_DATA RECORDS:_
★ ★ ★ ★ ★

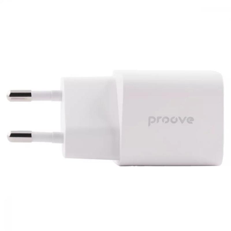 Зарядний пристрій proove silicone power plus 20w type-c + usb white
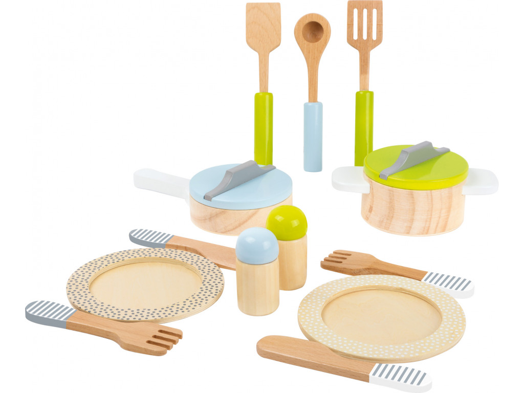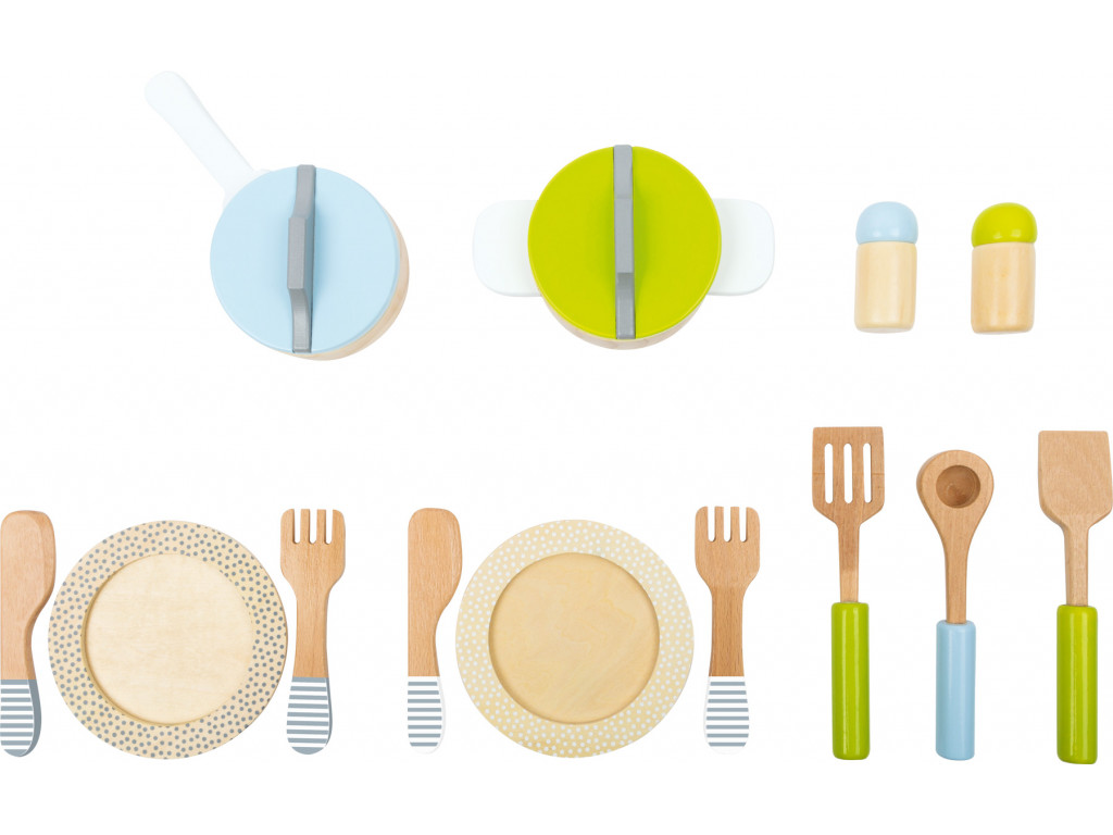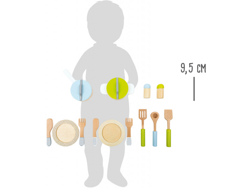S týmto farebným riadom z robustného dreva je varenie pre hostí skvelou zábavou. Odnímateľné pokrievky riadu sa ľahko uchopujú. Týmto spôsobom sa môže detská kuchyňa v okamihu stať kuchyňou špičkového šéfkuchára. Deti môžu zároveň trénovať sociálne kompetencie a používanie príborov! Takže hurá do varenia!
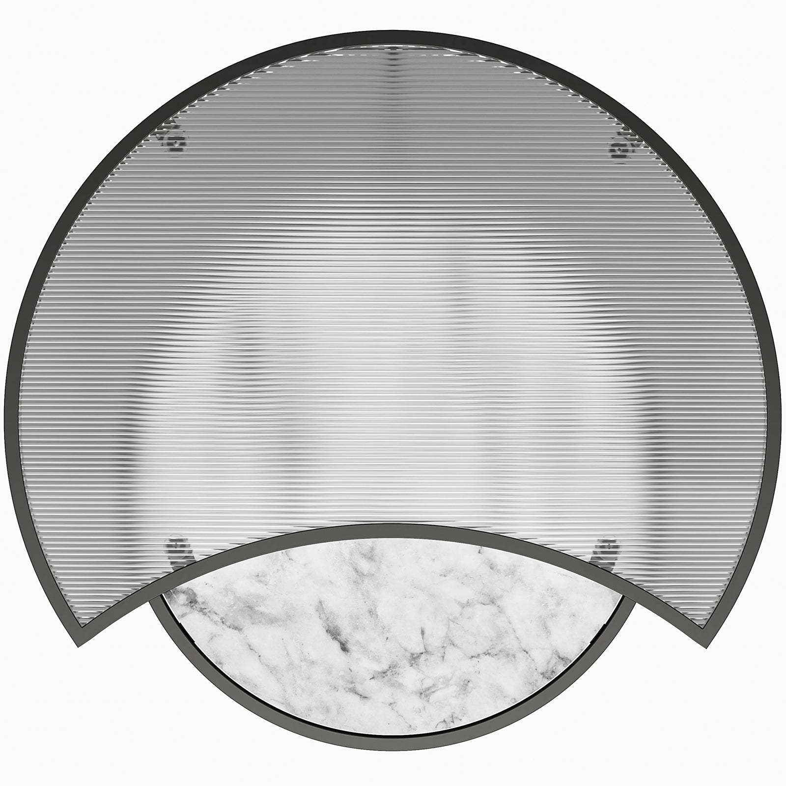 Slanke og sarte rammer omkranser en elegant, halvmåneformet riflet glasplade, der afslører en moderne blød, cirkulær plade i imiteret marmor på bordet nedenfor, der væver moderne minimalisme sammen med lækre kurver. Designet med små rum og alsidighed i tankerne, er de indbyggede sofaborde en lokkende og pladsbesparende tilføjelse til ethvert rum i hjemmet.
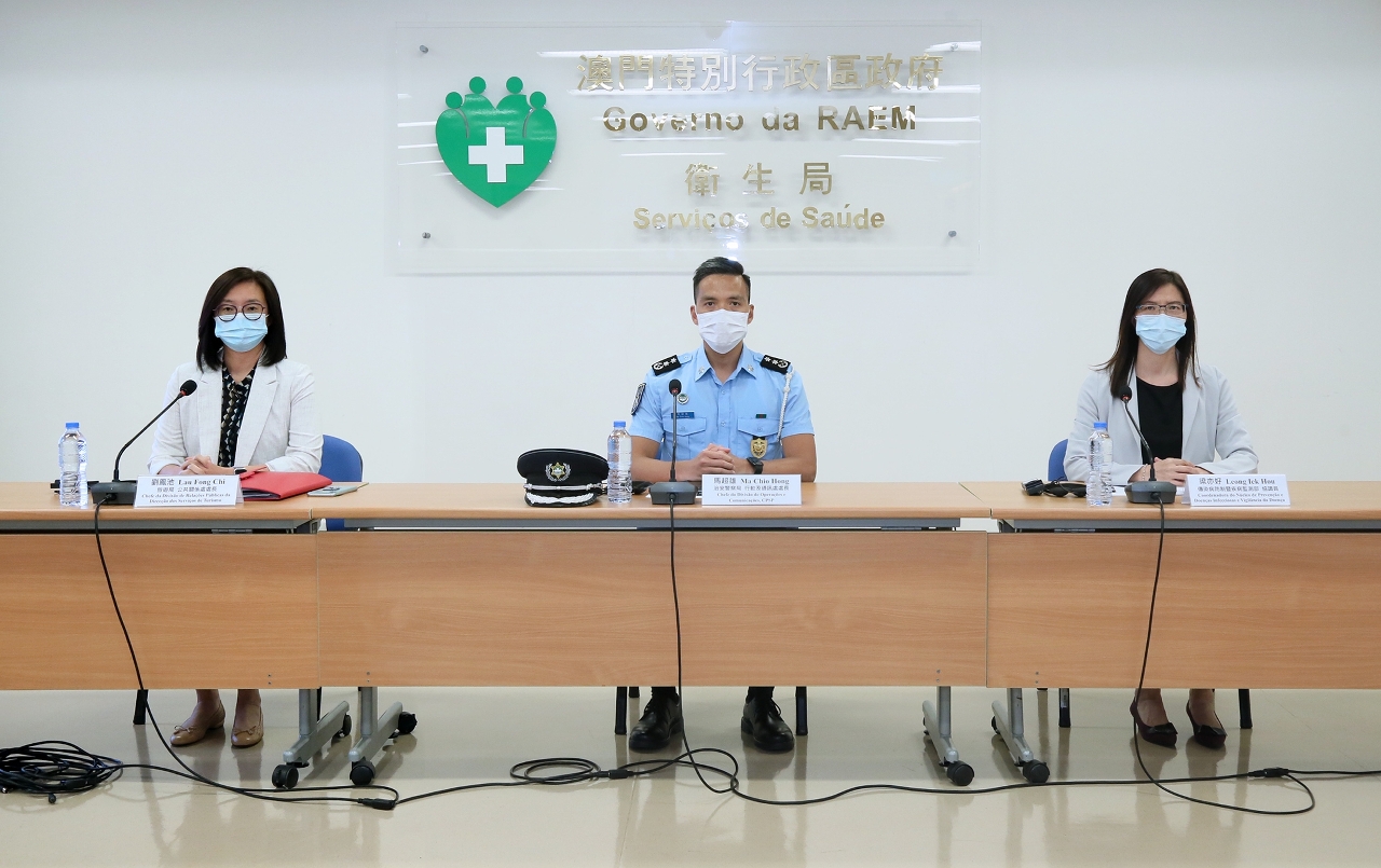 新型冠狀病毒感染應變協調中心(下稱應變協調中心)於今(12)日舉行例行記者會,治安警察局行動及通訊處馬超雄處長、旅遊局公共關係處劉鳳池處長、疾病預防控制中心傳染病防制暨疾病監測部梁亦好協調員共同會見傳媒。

★ ★ ★ ★ ★

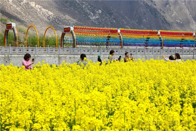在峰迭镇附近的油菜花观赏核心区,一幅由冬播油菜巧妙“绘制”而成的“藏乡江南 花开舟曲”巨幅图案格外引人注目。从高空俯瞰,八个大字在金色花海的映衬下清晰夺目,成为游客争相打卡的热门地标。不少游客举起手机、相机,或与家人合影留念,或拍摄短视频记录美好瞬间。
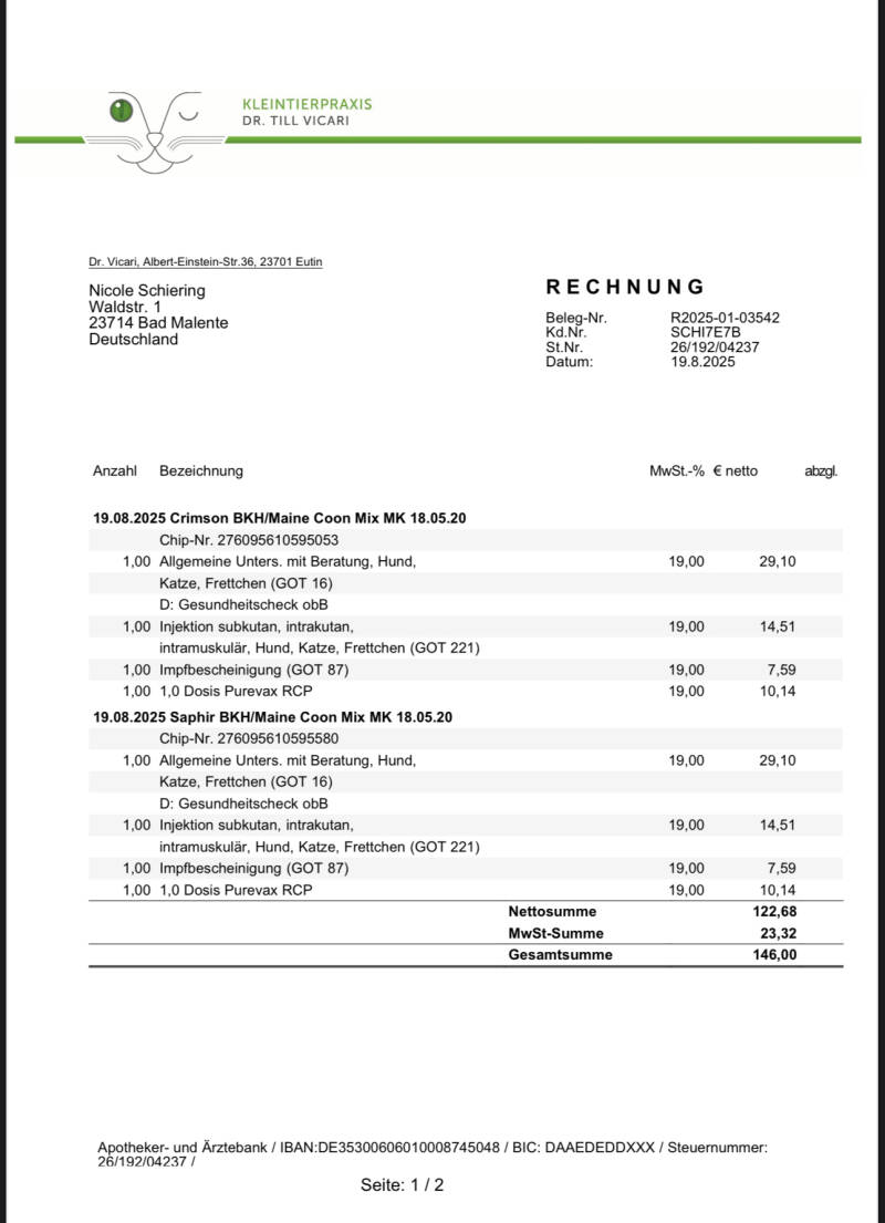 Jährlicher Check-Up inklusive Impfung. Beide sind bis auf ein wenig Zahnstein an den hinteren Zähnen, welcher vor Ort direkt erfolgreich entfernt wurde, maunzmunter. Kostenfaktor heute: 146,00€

★ ★ ★ ★ ★

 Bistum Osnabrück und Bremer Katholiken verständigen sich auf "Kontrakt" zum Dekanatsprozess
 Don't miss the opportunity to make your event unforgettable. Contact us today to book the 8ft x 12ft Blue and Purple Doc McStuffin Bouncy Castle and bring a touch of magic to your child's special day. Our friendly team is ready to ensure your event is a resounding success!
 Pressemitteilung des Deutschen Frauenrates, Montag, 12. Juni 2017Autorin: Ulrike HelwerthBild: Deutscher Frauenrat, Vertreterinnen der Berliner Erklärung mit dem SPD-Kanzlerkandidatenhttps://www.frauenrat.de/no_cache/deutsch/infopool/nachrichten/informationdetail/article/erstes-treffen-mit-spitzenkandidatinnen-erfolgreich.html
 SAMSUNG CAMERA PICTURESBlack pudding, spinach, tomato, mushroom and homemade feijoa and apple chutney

★ ★ ★ ★ ★

_YOUR TASK:_ Above, find the line holding "Зарядний пристрій proove" and the line holding "新型冠狀病毒感染應變協調中心". Print exactly those two lines and every line between them, but no pictures.

_ANSWER TO THIS EXERCISE:_
 Зарядний пристрій proove silicone power plus 20w type-c + usb white
S týmto farebným riadom z robustného dreva je varenie pre hostí skvelou zábavou. Odnímateľné pokrievky riadu sa ľahko uchopujú. Týmto spôsobom sa môže detská kuchyňa v okamihu stať kuchyňou špičkového šéfkuchára. Deti môžu zároveň trénovať sociálne kompetencie a používanie príborov! Takže hurá do varenia!
 Slanke og sarte rammer omkranser en elegant, halvmåneformet riflet glasplade, der afslører en moderne blød, cirkulær plade i imiteret marmor på bordet nedenfor, der væver moderne minimalisme sammen med lækre kurver. Designet med små rum og alsidighed i tankerne, er de indbyggede sofaborde en lokkende og pladsbesparende tilføjelse til ethvert rum i hjemmet.
 新型冠狀病毒感染應變協調中心(下稱應變協調中心)於今(12)日舉行例行記者會,治安警察局行動及通訊處馬超雄處長、旅遊局公共關係處劉鳳池處長、疾病預防控制中心傳染病防制暨疾病監測部梁亦好協調員共同會見傳媒。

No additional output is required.